→ PROBLEM DESCRIPTION: An exact copy of all the data below is needed, without its pictures.

Dataset records:

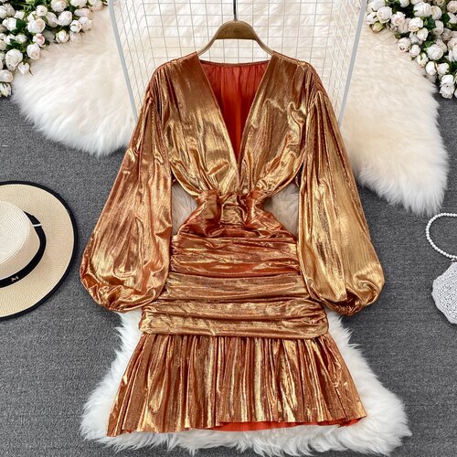 Look your best with this gorgeously feminine mini dress. The lantern long sleeves enhance your figure in the most flattering way. This classic style is the perfect way to kick-start your wardrobe options. The striking v-neckline has a flattering, plunging effect that will make her feel amazing. A variety of color options are available so you can choose the perfect hue to complement her style.
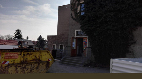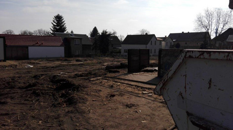 Gleich nach unserem Auszug begannen die Arbeiten zur Bauvorbereitung. Die Bäume wurden gefällt und die Baucontainer errichtet. Seit Montag, 21.03. sind die Abrissarbeiten im Gange. In loser Folge werden wir hier Bilder der Baustelle veröffentlichen.
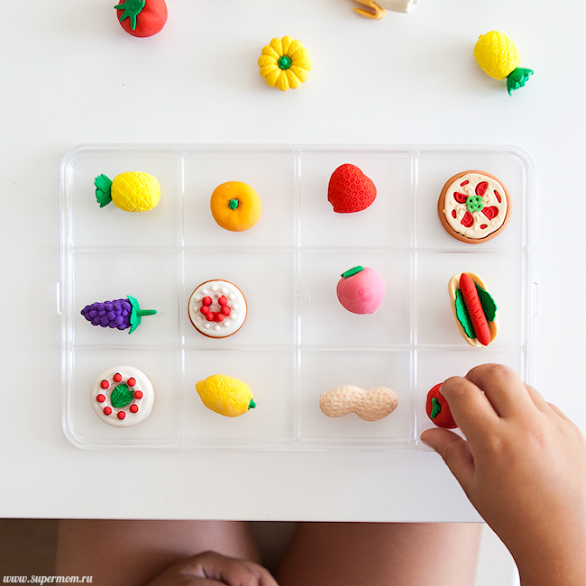 Лето - время игр и творчества. И занятий на развитие памяти, конечно, у нас было меньше обычного из-за регулярных поездок на дачу, в парки и на отдых, но тем не менее, по возможности я старалась не упускать время. Занятия летом были скорее поддерживающие, то есть мы не продвинулись в количестве запоминаемых карточек, ведь заниматься летом совершенно не хотелось. Поэтому я выкручивалась как могла, предлагая новые варианты старой доброй сетки памяти - не с карточками, а с реальными предметами, подсовывая их Алисе то как игру "Где чей домик?"...
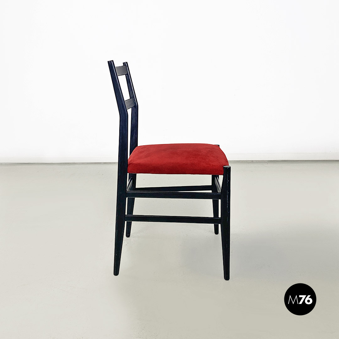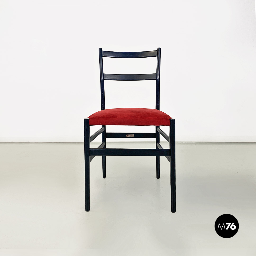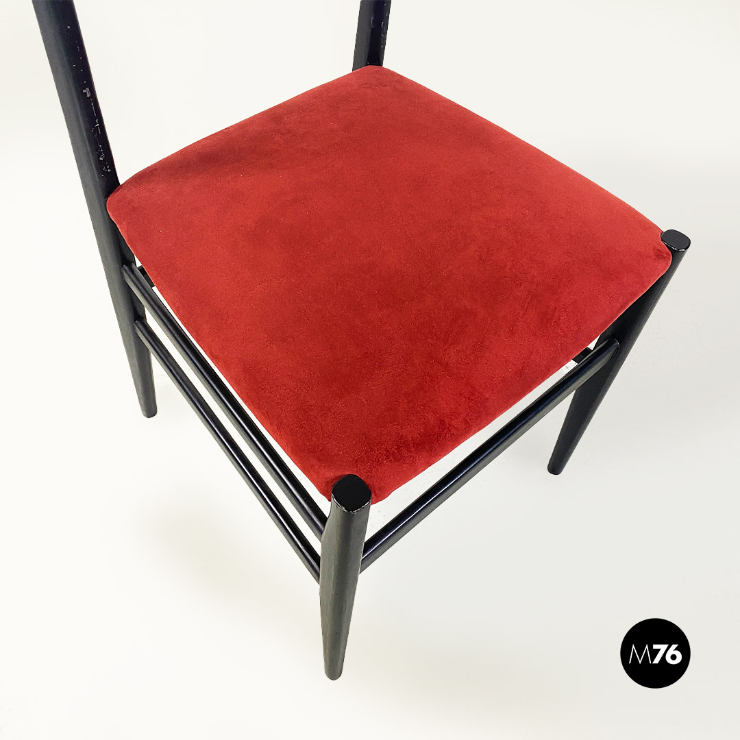Sedia modello Leggera con struttura in legno di faggio tinto nero, con seduta imbottita e rivestita in tessuto rosso.
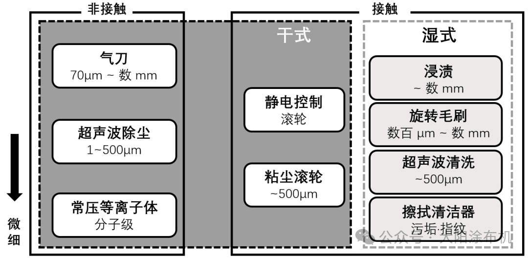 氣刀除塵法通過(guò)噴射高壓空氣剝離基材表面異物,并由真空系統(tǒng)同步回收去除的污染物。但其有效性受限于空氣阻力,氣流在距離薄膜表面數(shù)十微米處顯著衰減,導(dǎo)致邊界層內(nèi)微小異物的剝離力急劇下降(因風(fēng)力減弱無(wú)法將異物卷?yè)P(yáng)至紊流層),故難以清除此類(lèi)微粒。
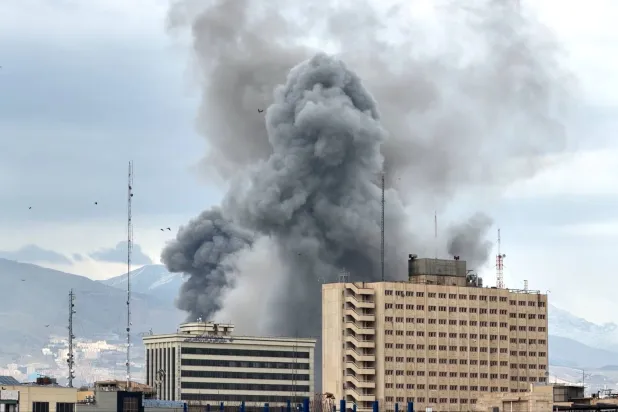 عمود من الدخان يتصاعد بعد هجوم في طهران (أ.ب)
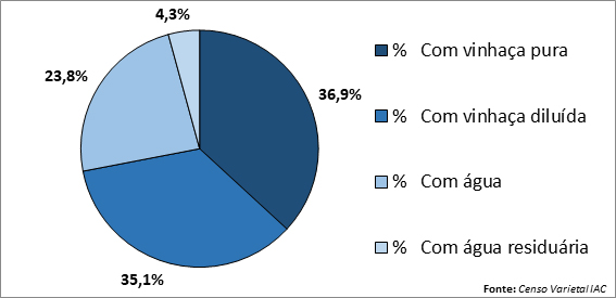 A pesquisa abordou também sobre o uso de vinhaça pura, vinhaça diluída, água e água residuária na irrigação ou fertirrigação nas áreas de plantio (Figura 4). Verificou-se que o uso da vinhaça pura (36,9%) ou da vinhaça diluída (35,1%) totalizou 72%. A aplicação de água foi reportada em 24% da área e a água residuária, 4%. Assim, verificou-se que o uso da vinhaça, seja diluída ou concentrada, se caracterizou pela maior proporção.

→ TASK RESPONSE:
 Look your best with this gorgeously feminine mini dress. The lantern long sleeves enhance your figure in the most flattering way. This classic style is the perfect way to kick-start your wardrobe options. The striking v-neckline has a flattering, plunging effect that will make her feel amazing. A variety of color options are available so you can choose the perfect hue to complement her style.
 Gleich nach unserem Auszug begannen die Arbeiten zur Bauvorbereitung. Die Bäume wurden gefällt und die Baucontainer errichtet. Seit Montag, 21.03. sind die Abrissarbeiten im Gange. In loser Folge werden wir hier Bilder der Baustelle veröffentlichen.
 Лето - время игр и творчества. И занятий на развитие памяти, конечно, у нас было меньше обычного из-за регулярных поездок на дачу, в парки и на отдых, но тем не менее, по возможности я старалась не упускать время. Занятия летом были скорее поддерживающие, то есть мы не продвинулись в количестве запоминаемых карточек, ведь заниматься летом совершенно не хотелось. Поэтому я выкручивалась как могла, предлагая новые варианты старой доброй сетки памяти - не с карточками, а с реальными предметами, подсовывая их Алисе то как игру "Где чей домик?"...
Sedia modello Leggera con struttura in legno di faggio tinto nero, con seduta imbottita e rivestita in tessuto rosso.
 氣刀除塵法通過(guò)噴射高壓空氣剝離基材表面異物,并由真空系統(tǒng)同步回收去除的污染物。但其有效性受限于空氣阻力,氣流在距離薄膜表面數(shù)十微米處顯著衰減,導(dǎo)致邊界層內(nèi)微小異物的剝離力急劇下降(因風(fēng)力減弱無(wú)法將異物卷?yè)P(yáng)至紊流層),故難以清除此類(lèi)微粒。
 عمود من الدخان يتصاعد بعد هجوم في طهران (أ.ب)
 A pesquisa abordou também sobre o uso de vinhaça pura, vinhaça diluída, água e água residuária na irrigação ou fertirrigação nas áreas de plantio (Figura 4). Verificou-se que o uso da vinhaça pura (36,9%) ou da vinhaça diluída (35,1%) totalizou 72%. A aplicação de água foi reportada em 24% da área e a água residuária, 4%. Assim, verificou-se que o uso da vinhaça, seja diluída ou concentrada, se caracterizou pela maior proporção.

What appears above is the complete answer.